Asosiasi Financial Technology (Aftech) telah merilis code of conduct bagi industrinya. Kode perilaku fintech itu lima larangan saat menagih utang kepada nasabah.
Pertama, fintech dilarang menagih dengan kata-kata yang tidak sopan. Kedua, menagih secara provokatif, agresif, menghina, intimidiasi, dan sejenisnya terhadap peminjam dan pihak terkait. Ketiga menyebarkan informasi terkait data pribadi peminjam.
Keempat, mengaku sebagai orang lain atau pihak penegak hukum. Terakhir, pengembalian penagihan pinjaman di luar perjanjian awal. "Dari lima larangan ini bisa diturunkan lebih detail secara teknis. Sedang kami diskusikan," ujar Ketua Bidang Pinjaman Cash Loan Aftech Sunu Widyatmoko saat konferensi pers di Fintech Space, Jakarta, Kamis (23/8).
Selain itu, Aftech juga sedang mengkaji kebijakan sertifikasi bagi para debt collector. Hal ini bertujuan, supaya penagih utang memahami kode perilaku yang berlaku dan menagih sesuai ketentuan.
(Baca juga: Beda Aturan Fintech dan Industri Keuangan Konvensional).
Setifikasi debt collector ini diharapkan dapat mencegah terulangnya kasus penagihan RupiahPlus. "Jangan sampai ada pemain yang menyalahkan oknum dan benar-benar bisa dicari tahu siapa yang bertanggung jawab," kata Sunu.
Guna melengkapi kode perilaku ini, Aftech juga membentuk Komite Etika Independen yang beranggotakan Andre Rahadian, Maria Sagrado, dan Abadi Tisnadisastra. Komite ini bertugas sebagai pengawas yang mengawal penerapan kode perilaku. "Kami semua meyakini profesionalisme dan integritas komite ini," katanya.
Abadi pun menegaskan, bahwa komite akan mengkaji secara menyeluruh atas tuduhan pelanggaran dari anggota Aftech. "Kami kaji apakah pelanggarannya ringan atau berat, sehingga sanksi yang diberikan reasonable," ujar dia. Adapun sanksinya mulai dari peringatan hingga dikeluarkan dari keanggotaan Aftech.
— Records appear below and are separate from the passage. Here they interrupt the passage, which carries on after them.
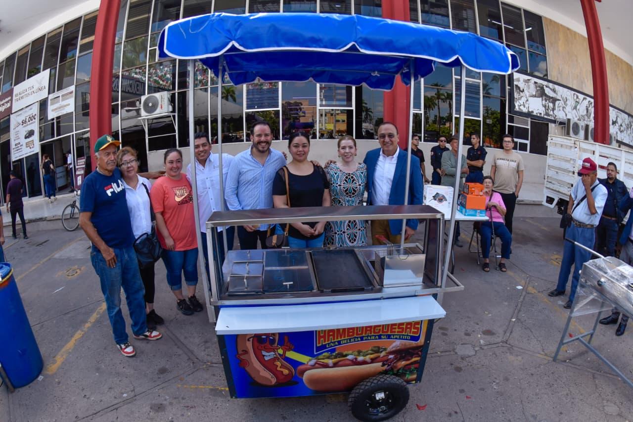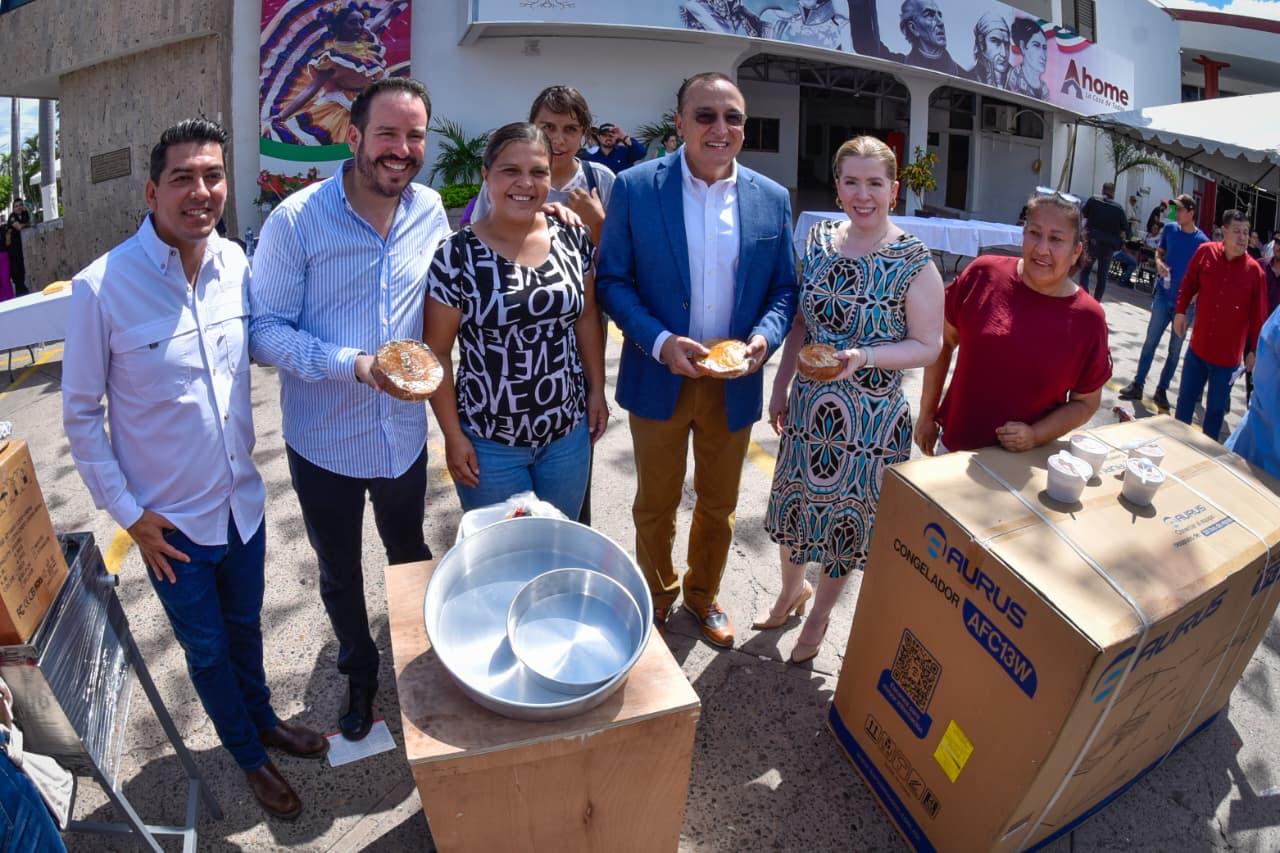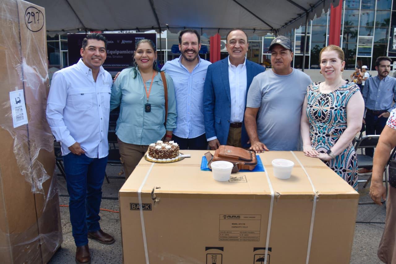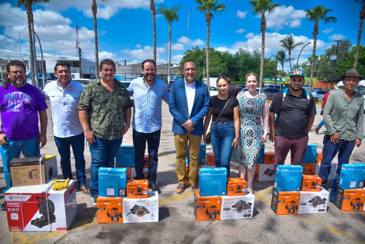 Los Mochis, Ahome, Sinaloa. – Emprendedores ahomenses recibieron equipamiento para consolidar sus negocios, como parte del programa Equipa Sinaloa. Para el emotivo evento en la explanada de Palacio Municipal se contó con la presencia del Secretario de Economía de Sinaloa, Ricardo Velarde, y el Alcalde Antonio Menéndez.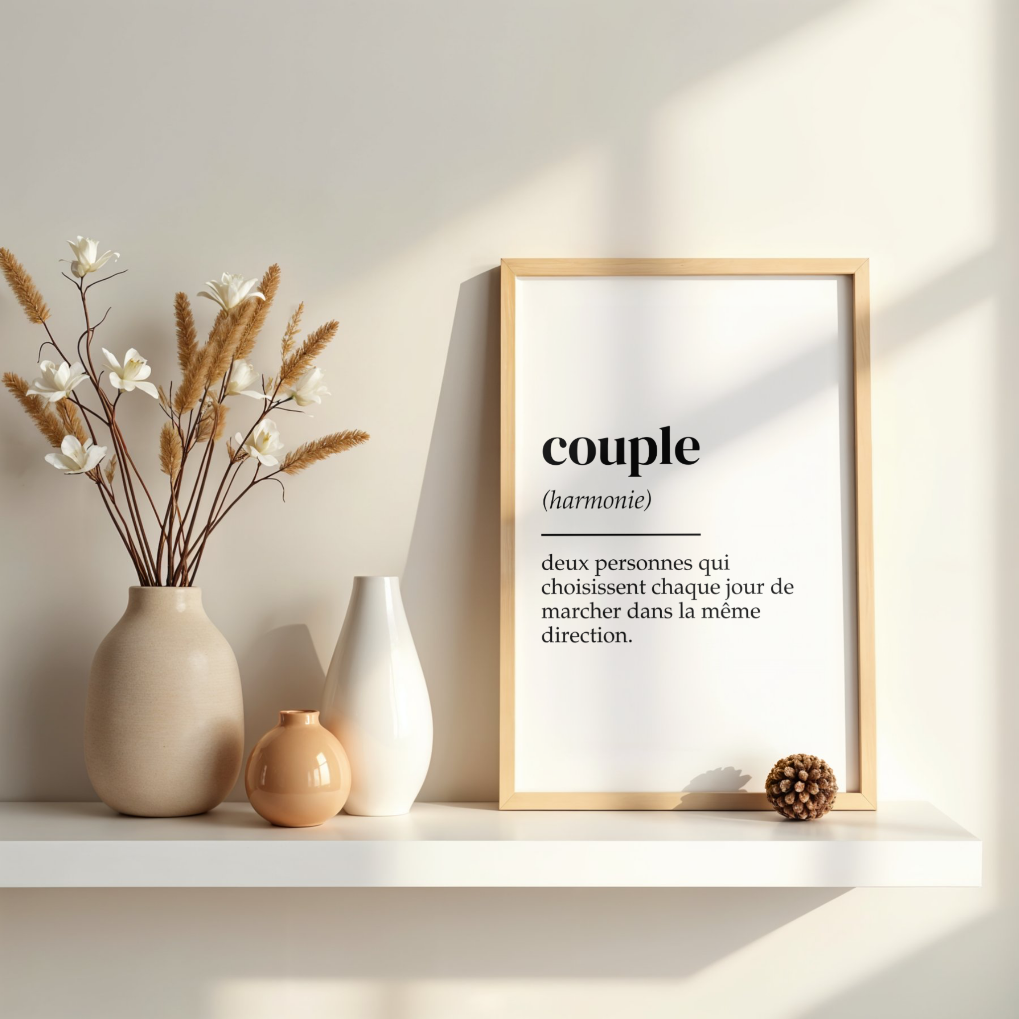 Le design minimaliste façon dictionnaire présente le mot en caractères serif imposants, suivi de sa prononciation « (harmonie) » et d’une définition qui reflète la beauté d’un amour qui se construit jour après jour. Le contraste noir sur blanc crée une élégance intemporelle parfaite pour une chambre romantique. Cette affiche rappelle que l’amour n’est pas qu’un sentiment, c’est un choix quotidien de rester ensemble, de se soutenir et d’avancer côte à côte.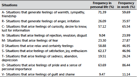 Second part: the test measures the affective tone of the subject’s life, by registering - in the frequency adverbs scale – the frequency of emotions felt in his personal life and at work (results shown in Table 10).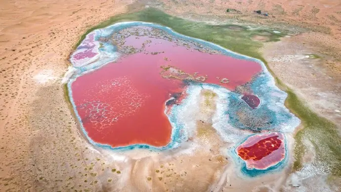 乌兰湖的红色主要归功于湖水中丰富的嗜盐微生物,如杜氏盐藻和嗜盐菌。这些微生物在高温高盐度环境下大量繁殖,并释放色素,使湖水呈现红色。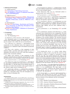 ASTM G167-15(2023), titled Standard Test Method for Calibration of a Pyranometer Using a Pyrheliometer, is a comprehensive international standard developed by ASTM International. This document defines the procedures and requirements for the accurate calibration of pyranometers-radiometric instruments used to measure global (hemispherical) solar irradiance-by comparison with a reference pyrheliometer. The calibration methods prescribed are crucial for aligning pyranometer measurements with the World Radiometric Reference (WRR), ensuring traceability to internationally recognized irradiance scales.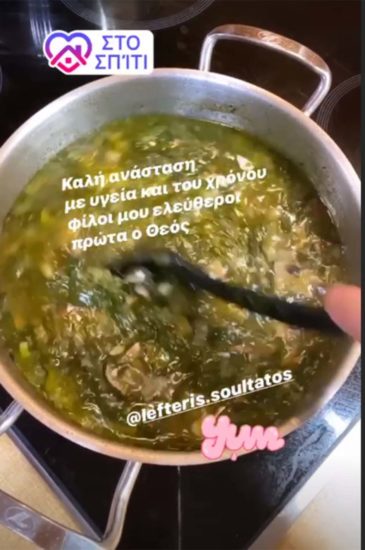 Και φυσικά δεν θα μπορούσε να λείψει από το τραπέζι η μαγειρίτσα δια χειρός Λευτέρη Σουλτάτου. Η Βάσω Λασκαράκη ως γνήσια σύντροφος σεφ, αυτή την περίοδο που δεν έχει γυρίσματα για το “ερωτας μετά” το έχει ρίξει κι αυτή στη μαγειρική.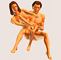 立った状態の男が、女の両脚をつかんで逆さづりにする。開いた女の脚を開かせ、それをまたいだ状態で上から挿入する。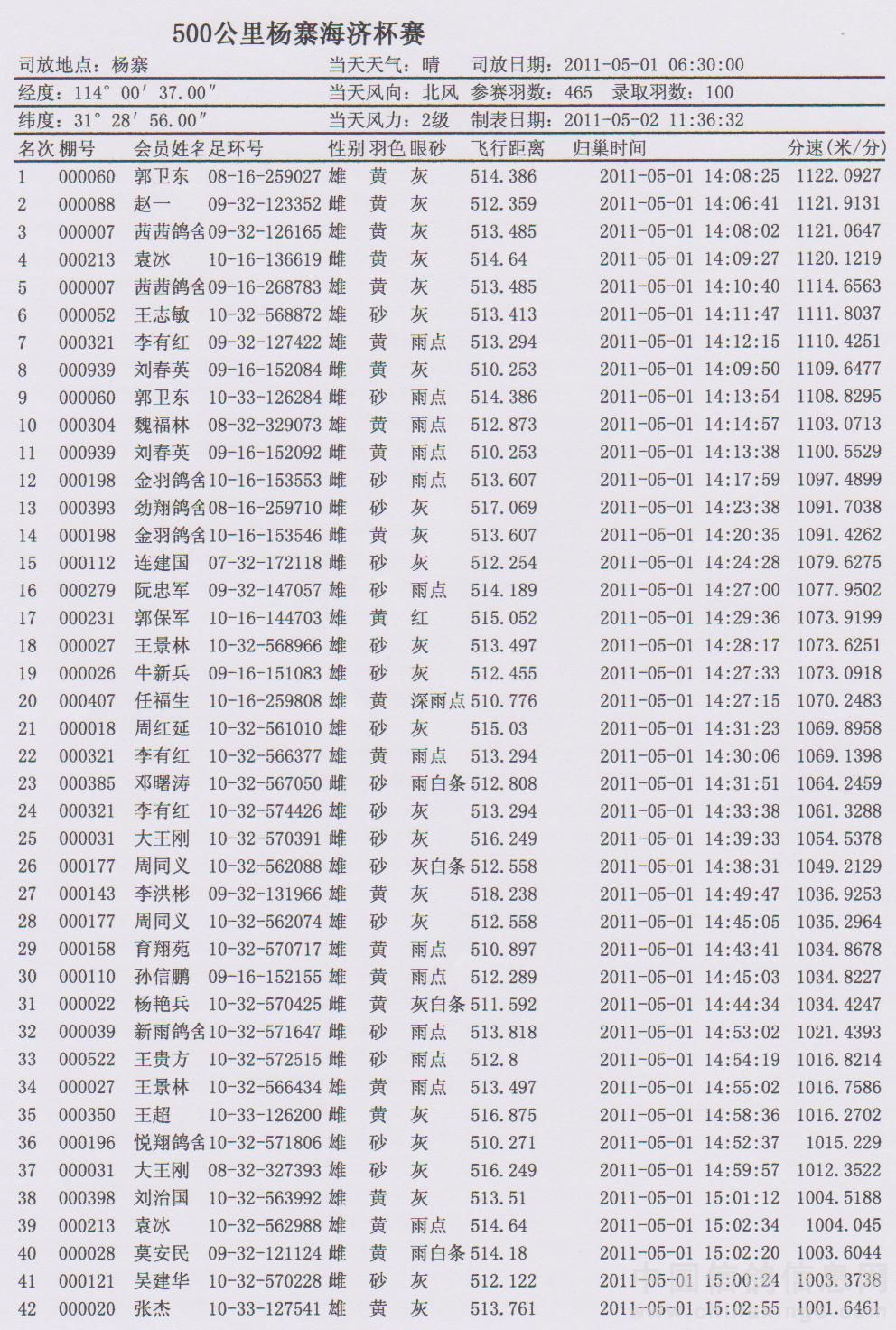 注明:本场团体成绩核算以会员当日归巢羽数及比赛成绩统计,次日归巢赛鸽不核计团体成绩。
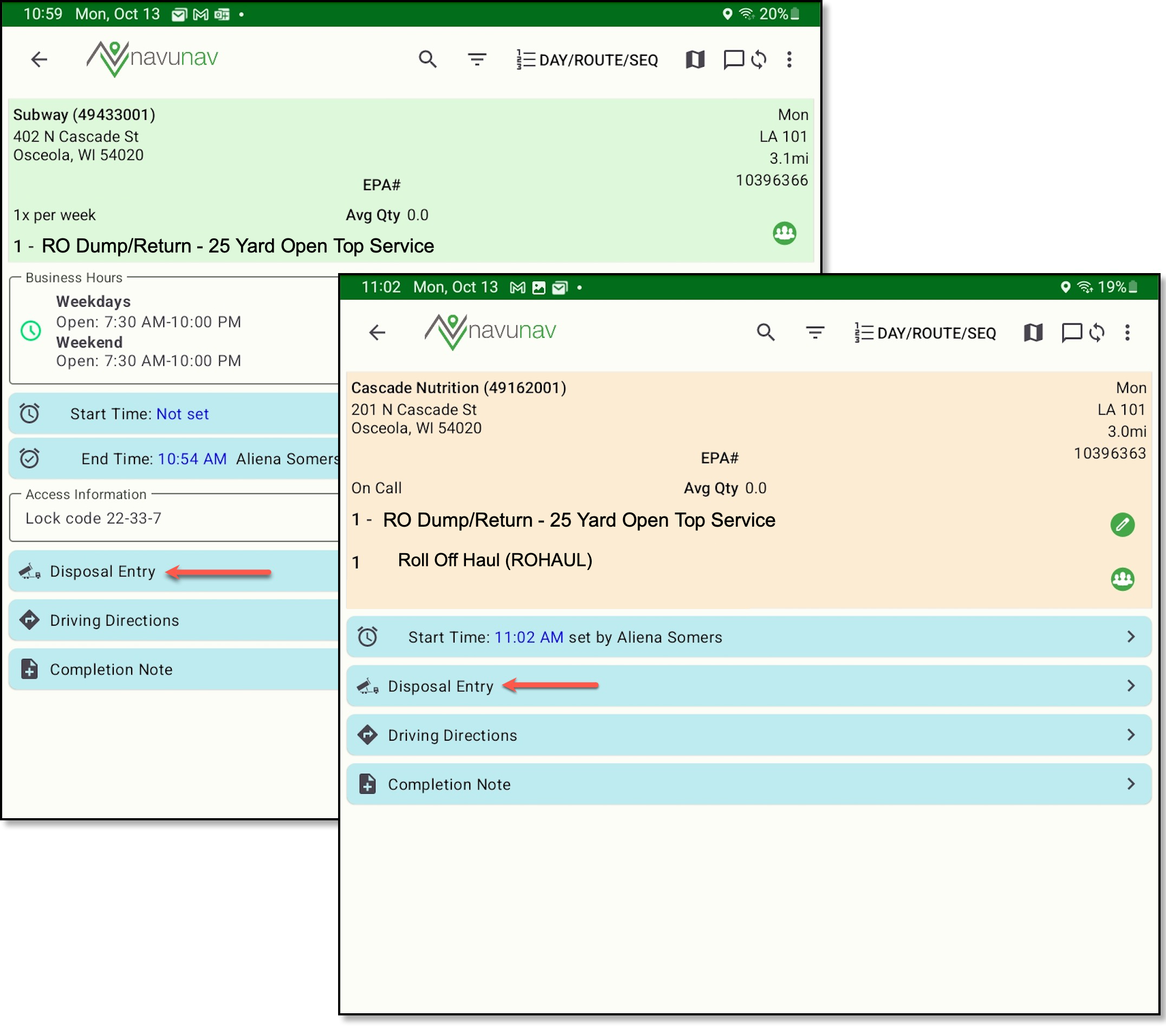 In previous versions of NavuNav (Android), the Disposal Entry option was only available once a work order was marked Complete. In version 6.6, this functionality has been expanded to also display for work orders with an In Progress status. Disposal Entry continues to display only for work types that require disposal.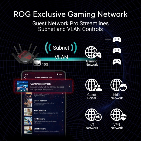 | Herní využití | Zrychlení hry / akcelerace Herní radar WTFast Mobilní herní režim Urychlovač zařízení ROG_First OpenNAT (herní profil) Herní port Herní síť |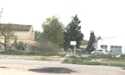 Las fuertes rachas de aire que se han iniciado de madrugada han motivado el derribo de un árbol junto al colegio Ruperto Chapí. El derrumbe ha provocado el desplazamiento de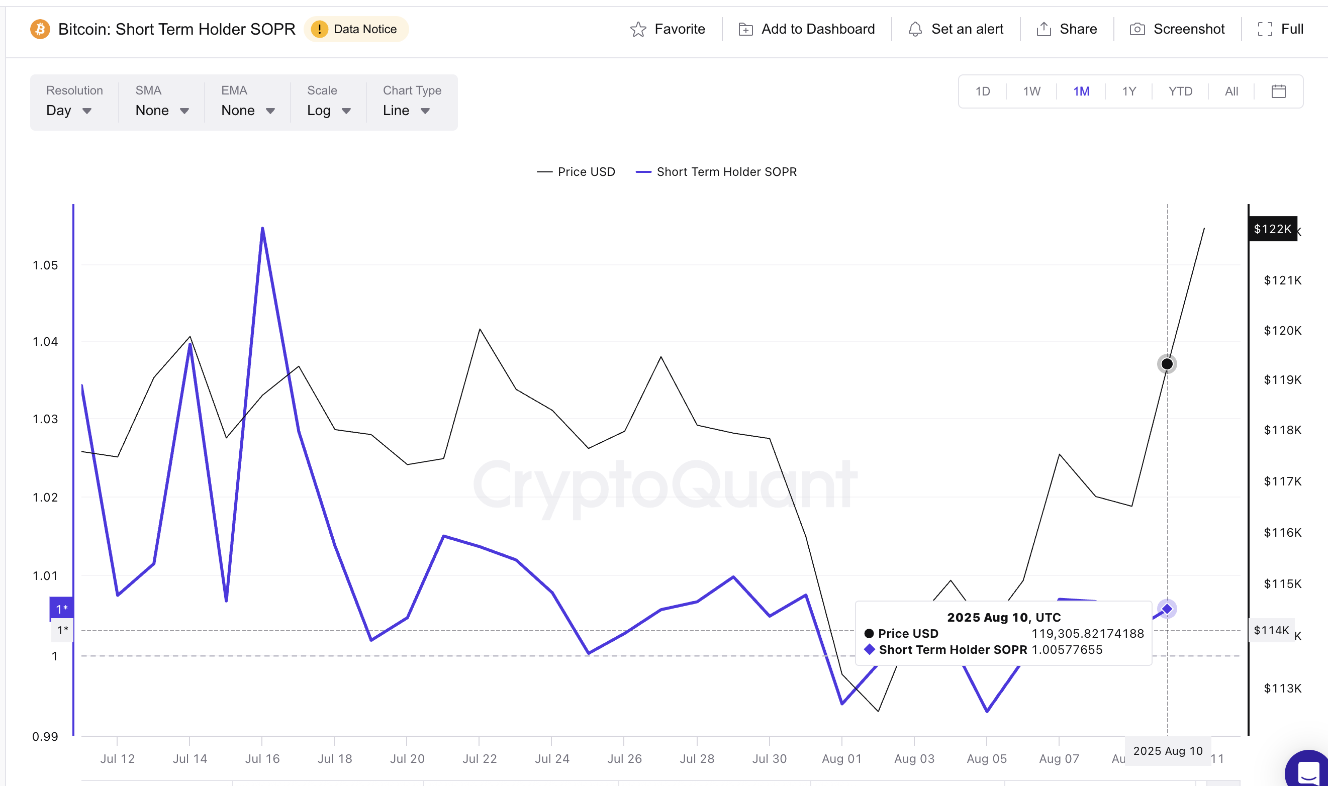 Қысқа мерзімді иелердің жұмсалған шығыс пайда коэффициенті (SOPR) монеталардың он-чейнде қозғалған кезде пайдамен немесе шығынмен сатылып жатқанын өлшейді. Қысқа мерзімді SOPR тым жоғары көтерілгенде, бұл агрессивті пайда алуды білдіреді, көбінесе жергілікті шыңдардың алдында болады.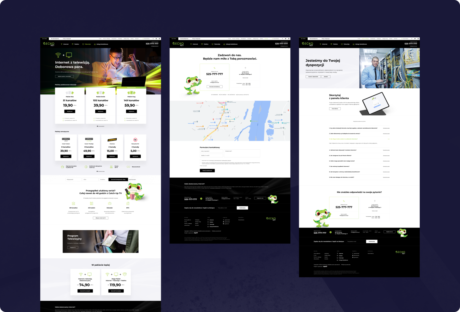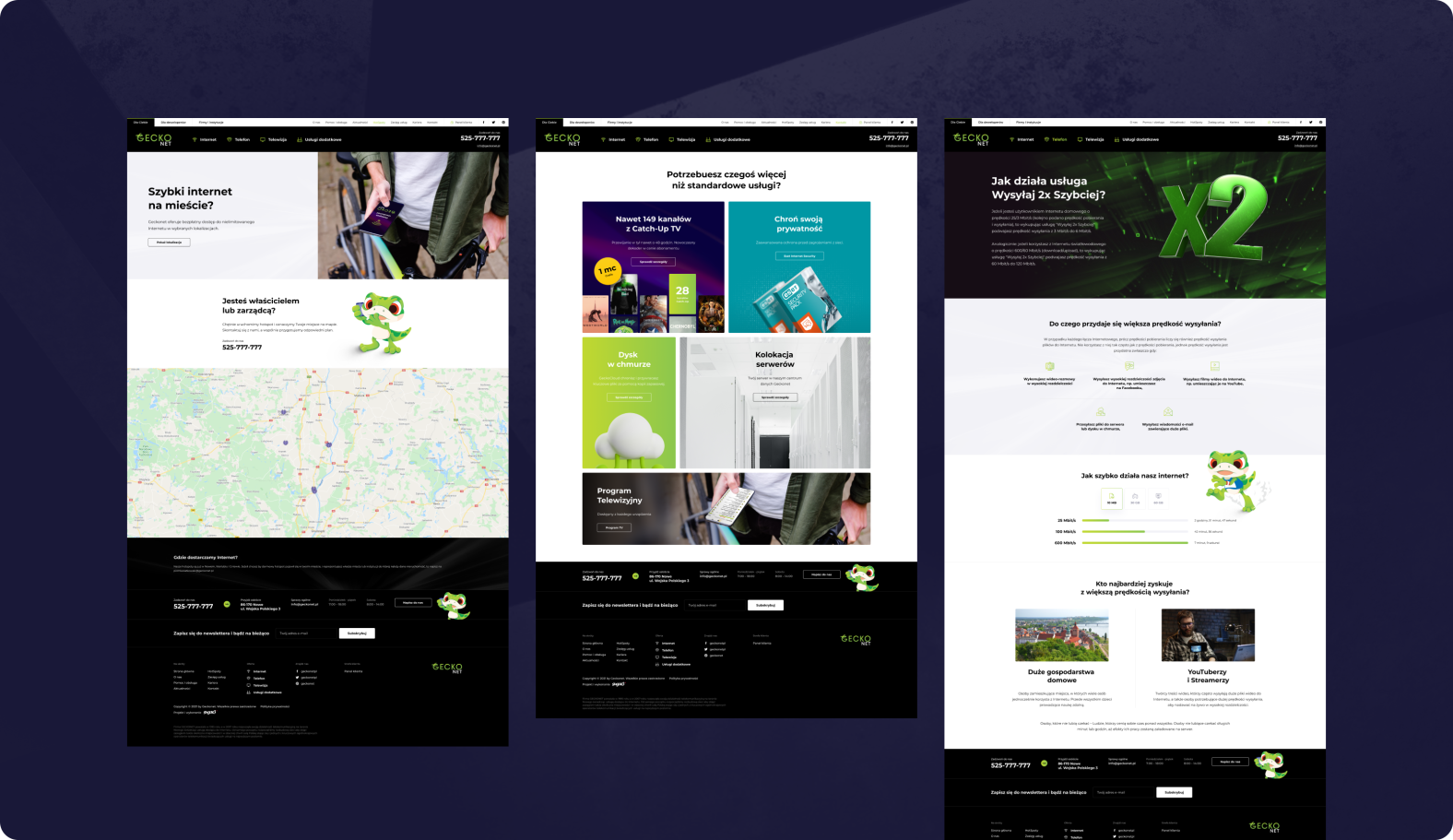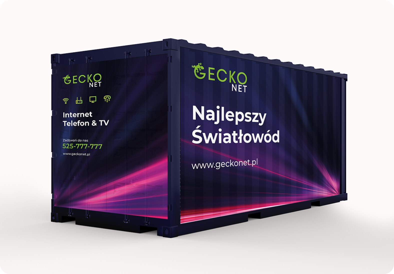 Dla Geckonet – dostawcy internetu światłowodowego, radiowego, telefonii i telewizji – przygotowaliśmy pełną realizację obejmującą stronę internetową, brand hero oraz szeroki zakres identyfikacji wizualnej. Firma oferuje swoje usługi zarówno klientom indywidualnym, jak i biznesowym oraz deweloperom, dlatego zaprojektowany serwis posiada dedykowane wersje oferty dla każdej z tych grup.
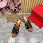 Rockstud Crisscross Espadrilles 80mm Sandal Wedges Black

Direktur Kebijakan Publik Aftech Ajisatria Sulaeman menambahkan, instansinya tengah mengkaji kemungkinan anggota yang dikeluarkan bisa mengajukan banding ke Otoritas Jasa Keuangan (OJK). Dengan begitu, OJK juga turut mengkajian pelanggaran tersebut. "Mekanisme keanggotaan Aftech, kami tidak mau berbeda jauh dari asosiasi lainnya," ujarnya.
Saat ini, sekitar 48 anggota Aftech sudah menandatangani kode perilaku layanan pinjam-meminjam uang berbasis teknologi informasi (LPMUBTI) tersebut. Wakil Ketua Umum Jasa Keuangan Aftech Adrian Gunadi menargetkan, 64 perusahaan fintech yang terdaftar di OJK menandatangani kode perilaku tersebut bulan ini.
(Baca: Disebut Rentenir, Berapa Bunga Kredit Fintech?)
Kode perilaku ini memuat tiga pilar yang menjadi prinsip dasar bagi fintech. Pertama, yaitu transparansi produk dan metode penawaran. Penyelenggara wajib mencantumkan seluruh biaya yang timbul dari utang, termasuk biaya yang timbul di muka, bunga, biaya keterlambatan, dan lainnya.
Kedua, pencegahan pinjaman berlebih. Penawaran utang bertujuan untuk meningkatkan kemampuan dan ketahanan ekonomi konsumen dan bukan untuk menjerumuskan ke jeratan utang. Penyelenggara dilarang memberikan utang secara langsung kepada peminjam tanpa persetujuan terlebih dahulu.
Ketiga, prinsip iktikad baik terkait praktik penawaran. Maka pemberian dan penagihan utang yang manusiawi tanpa kekerasan baik fisik maupun non-fisik, termasuk cyber bullying. Penyelenggara juga dilarang menggunakan pihak ketiga pelaksana penagihan yang memiliki reputasi buruk berdasarkan informasi dari otoritas maupun asosiasi.